EXERCISE REQUIREMENTS:
Exactly the lines from the line that has "This Alice +" through the final line below are to be retyped, and the pictures are not.

Segment Start: SUPPLIED INFORMATION

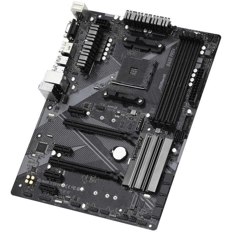 Micro-ATX-Mainboard mit AM4-Sockel, mit B450-Chipsatz, PCIe 3.0 für Grafikkarten, DDR4-Speicher bis 3.200 MHz, 2x M.2-Slots und 4x SATA, LAN
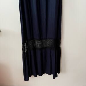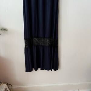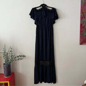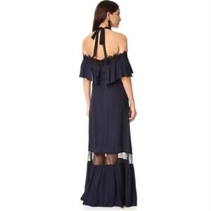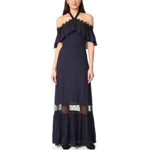 This Alice + Olivia Mitsy Off-the-Shoulder Maxi Dress combines the cold-shoulder trend with the sexy halter neck as well as tiers and contrast lace trims. In good preowned condition. Navy blue with black accents. Viscose.
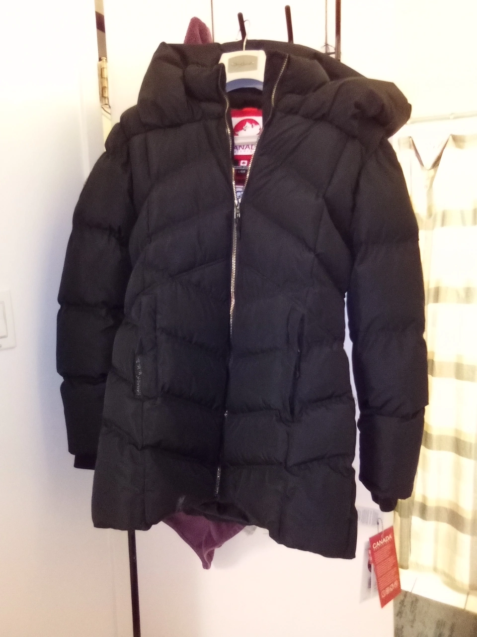 Women's black puffer jacket. Features a awesome hood. Designed in Canada. Excellent condition. suggested 260 price . Coat fits like a snugg Large.

Segment End: SUPPLIED INFORMATION

RESPONSE TO THE TASK:
 This Alice + Olivia Mitsy Off-the-Shoulder Maxi Dress combines the cold-shoulder trend with the sexy halter neck as well as tiers and contrast lace trims. In good preowned condition. Navy blue with black accents. Viscose.
 Women's black puffer jacket. Features a awesome hood. Designed in Canada. Excellent condition. suggested 260 price . Coat fits like a snugg Large.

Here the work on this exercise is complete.